When you’re in a financial bind and need cash fast, you may consider a payday loan or a credit card cash advance. Both options can offer same-day funds and may not require good credit for approval.
In this article, we’ll explore how payday loans and credit card cash advances work, so you can determine which one is better suited for your needs.
How payday loans compare to credit card cash advances
A payday loan is a fast cash loan that allows you to get an advancement on your next paycheck. In exchange for a fast cash payout, the borrower must pay a fee for this service. They may also have to pre-authorize the lender to make a debit from their bank account around the date that their next employer payment is expected.
If approved for a payday loan, you can receive the funds as soon as the same day you apply. Then, you can pay back what you owe in two to four weeks.
A credit card cash advance, on the other hand, is a feature offered by many major credit cards. It is essentially where the cardholder can use the credit card at an ATM and withdraw cash as needed.
Unlike charges to your credit card, cash withdrawals begin to accrue interest daily – usually at a rate that is higher than your card’s normal APR. There are also transaction fees associated with each withdrawal.
Which option is right for me?
When deciding between a payday loan and a credit card cash advance, there are a few important factors to consider.
The limits placed on credit card cash advances can vary for a number of reasons. For instance, if you’ve ever been late on a payment, then the credit card company may limit your withdrawal to only a few hundred dollars.

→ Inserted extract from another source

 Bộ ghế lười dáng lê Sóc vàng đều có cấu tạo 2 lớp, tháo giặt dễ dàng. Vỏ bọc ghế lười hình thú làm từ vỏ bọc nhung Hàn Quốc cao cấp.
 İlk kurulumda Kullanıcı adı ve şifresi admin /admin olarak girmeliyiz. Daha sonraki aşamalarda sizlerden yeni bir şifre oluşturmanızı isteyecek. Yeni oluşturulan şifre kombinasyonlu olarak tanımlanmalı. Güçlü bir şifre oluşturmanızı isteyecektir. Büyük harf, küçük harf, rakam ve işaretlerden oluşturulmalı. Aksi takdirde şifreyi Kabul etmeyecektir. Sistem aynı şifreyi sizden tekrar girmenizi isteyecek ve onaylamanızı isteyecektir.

Meanwhile, if your paycheck is for a thousand dollars or more, then you may be able to borrow a larger amount with a payday loan.
When someone gets a credit card cash advance, this is essentially an open-ended loan, meaning that there’s no specific due date for the money to be paid back. While this may sound like a good thing at first, it can actually be risky because interest will build higher each day the balance is outstanding.

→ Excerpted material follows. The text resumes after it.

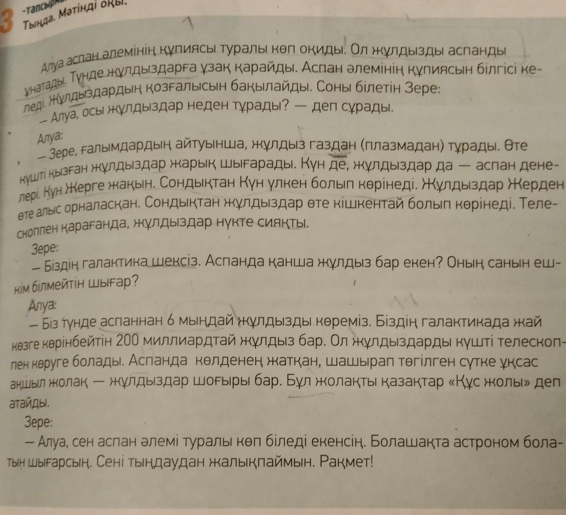 Алуа аспан әлемінің құпиясы туралы көп оқиды. Ол жұлдызды аспанды ұнатады. Түнде жұлдыздарға ұзақ қарайды. Аспан әлемінің құпиясын білгісі ке- леді. Жұлдыздардың қозғалысын бақылайды. Соны білетін Зере: Алуа, осы жұлдыздар неден тұрады? – деп сұрады. Алуа: - Зере, ғалымдардың айтуынша, жұлдыз газдан (плазмадан) тұрады. Өте күшті қызған жұлдыздар жарық шығарады. Күн де, жұлдыздар да – аспан дене- лері. Күн Жерге жақын. Сондықтан Күн үлкен болып көрінеді. Жұлдыздар жерден ете алыс орналасқан. Сондықтан жұлдыздар өте кішкентай болып көрінеді. Теле- скоппен қарағанда, жұлдыздар нүкте сияқты. Зере: Біздің галактика шексіз. Аспанда қанша жұлдыз бар екен? Оның санын еш- кім білмейтін шығар? Алуа: – Біз түнде аспаннан 6 мыңдай жұлдызды көреміз. Біздің галактикада жай кезге көрінбейтін 200 миллиардтай жұлдыз бар. Ол жұлдыздарды күшті телескоп- пен көруге болады. Аспанда көлденең жатқан, шашырап төгілген сүтке ұқсас аңшыл жолақ - жұлдыздар шоғыры бар. Бұл жолақты қазақтар «Құс жолы» деп атайды. Зере: - Алуа, сен аспан әлемі туралы көп біледі екенсің. Болашақта астроном бола- Тын шығарсың. Сені тыңдаудан жалықпаймын. Рақмет! Дам 100 балла срочно

Even though payday loans have to be paid back in roughly two to four weeks, this closes the loop on the loan and can prevent any further charges from being applied.
Even though payday loans may come with higher interest rates, it’s important to remember that this is only a one-time charge as long as the loan is paid back in time.
Again, if someone gets a credit card cash advance and doesn’t have the discipline to pay it back within a reasonable amount of time, then the interest charges can become quite considerable.
This can create a debt spiral that may take the cardholder some time to recover from.
The bottom line
People who need money now can rely on payday loans and credit card cash advances. Both provide an immediate payout, but each one comes with its own rules and costs. It’s important that borrowers become familiar with both and choose the one that suits their financial situation.